The Yield Strength Paradox: One of the most counterintuitive findings in welded joint fatigue research is that higher-strength base metal provides essentially no improvement in welded joint fatigue strength. For unwelded steel, fatigue strength scales with tensile strength — roughly 0.5 × UTS for base metal specimens. But for welded joints, the fatigue class (FAT) value assigned by codes such as IIW (International Institute of Welding) or BS 7608 is independent of the base metal yield or tensile strength. A 690 MPa high-strength steel weld has the same fatigue class as a 355 MPa structural steel weld in the same joint configuration. Selecting a stronger steel to improve welded joint fatigue life, without also improving weld geometry and managing residual stress, achieves nothing.

How Residual Stress Forms During Welding

The formation of residual stress during welding follows a thermomechanical sequence that can be divided into three physically distinct phases, each contributing to the final stress state in a different way.

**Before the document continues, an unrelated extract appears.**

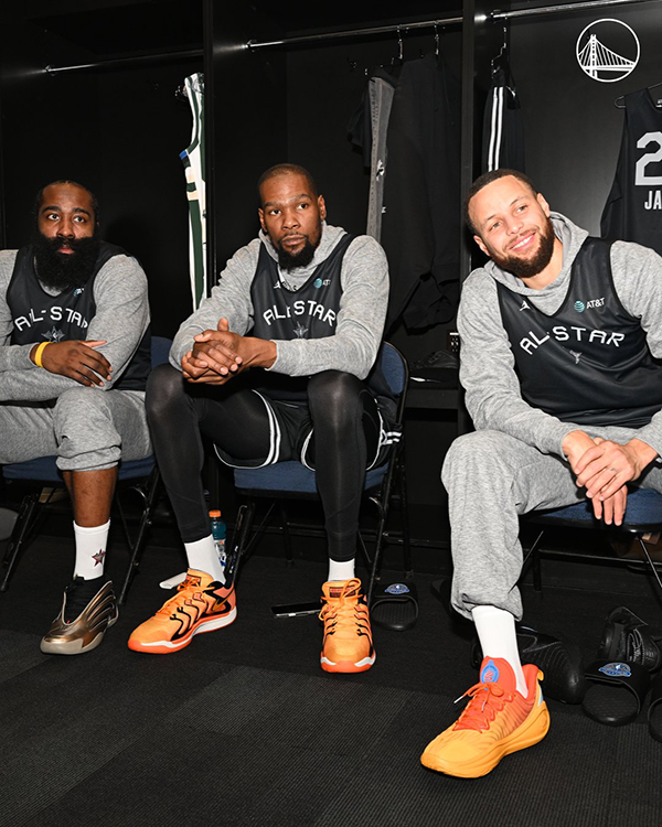 杜兰特、哈登、库里、利拉德和欧文等人PK超远三分,众人尝试纷纷打铁,库里率先命中又点燃球馆,之后利拉德也命中了;期间欧文投得太短,对此哈登咧嘴大笑,欧文也跟着笑了,不得不说,哈登和欧文的关系太好了。

Phase 1 — Heating and Expansion

As the weld heat source approaches and passes a given location in the joint, the local metal temperature rises rapidly. Above approximately 200–300°C in most structural steels, thermal expansion causes the material to attempt to expand volumetrically. The cooler surrounding metal constrains this expansion, placing the hot zone in compression (the hot metal is being squeezed by the surrounding cooler structure). Because the yield strength of steel decreases with increasing temperature, the hot zone yields plastically under relatively low compressive stress — meaning the compressive strains are partly accommodated by plastic deformation rather than purely elastic stress.

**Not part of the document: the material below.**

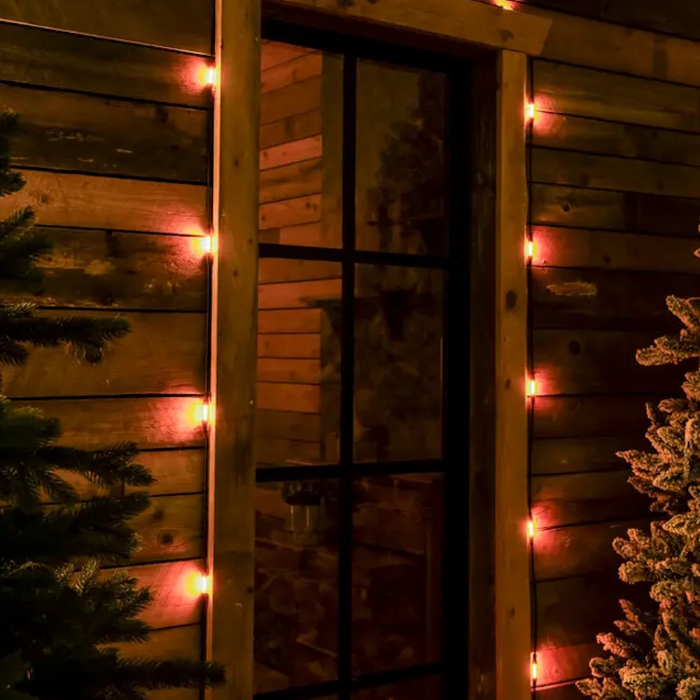String lights with 30 oblong amber-colored LEDs on 9.57m for outdoor use. Black cable. Powered by a 30V transformer. The connection cable is 1000cm.

Phase 2 — Cooling and Constrained Contraction

After the weld heat source passes, the weld metal and HAZ begin to cool. Thermal contraction now reverses the earlier expansion. The cooling material attempts to contract, but the plastically deformed hot zone now has a different shape than it would have had if allowed to cool freely. This mismatch — between the "natural" contracted state of the cooling weld metal and the shape it is forced to maintain by the surrounding rigid structure — generates tensile stress. As the material cools further and regains its full room-temperature yield strength, the tensile stress continues to build. By the time the component reaches ambient temperature, the weld metal and adjacent HAZ are locked in a state of high tensile residual stress.

Phase 3 — Solid-State Phase Transformations (in Ferritic Steels)

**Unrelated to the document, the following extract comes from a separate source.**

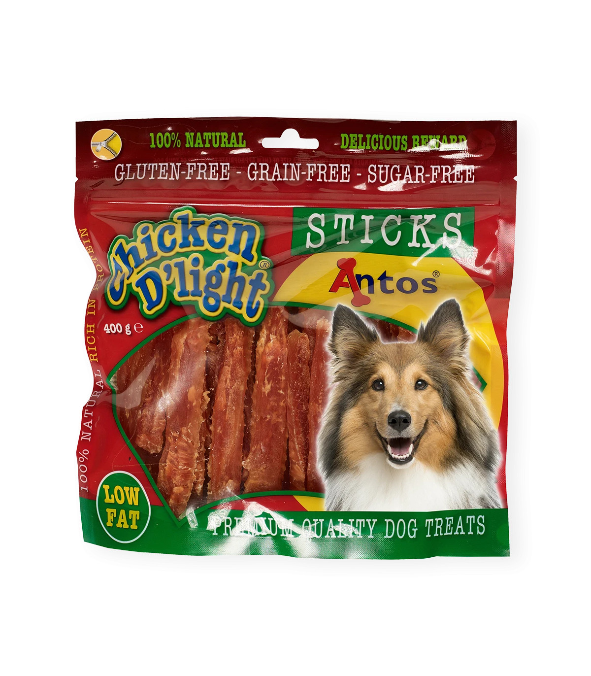 Chicken D´Light Stick de ANTOS son deliciosas tiras de pechuga de pollo tostada sin aditivos.

In ferritic and bainitic steels, solid-state phase transformations during cooling from above the austenite transformation temperature (Ac3) create additional volume changes. The austenite-to-martensite or austenite-to-bainite transformation involves a volumetric expansion of approximately 2–4%. This transformation expansion, occurring during cooling, partially counteracts the thermal contraction and can reduce the final magnitude of tensile residual stress compared to materials that do not undergo phase transformation. This effect is the basis for low-transformation-temperature (LTT) weld metals, which are specifically formulated to undergo transformation at lower temperatures — maximising the counteracting expansion effect and generating beneficial compressive residual stresses at the surface.

Residual Stress Formation During Welding — Three Phases Phase 1: Heating HOT Compressive stress — hot zone yields plastically at low σy (high T) Phase 2: Cooling COOLING Tensile stress builds as contraction is restrained by surrounding structure Phase 3: Final RS Profile Distance from weld Tensile Compressive Weld + HAZ
Figure 1 — Three-phase formation of residual stress during welding. Phase 1: the hot zone is compressed by the surrounding cooler metal and yields plastically. Phase 2: on cooling, the plastically shortened weld metal attempts to contract further but is restrained — tensile stress develops. Phase 3: the final stress profile shows tensile residual stress in the weld and HAZ, balanced by compressive stress in the remote base metal.

Longitudinal vs Transverse Components — Distribution and Magnitude

Residual stresses in welded joints are not scalar quantities — they are tensors with components acting in multiple directions simultaneously. For most practical structural engineering purposes, two orthogonal in-plane components are most significant: the longitudinal component (parallel to the weld axis) and the transverse component (perpendicular to the weld axis).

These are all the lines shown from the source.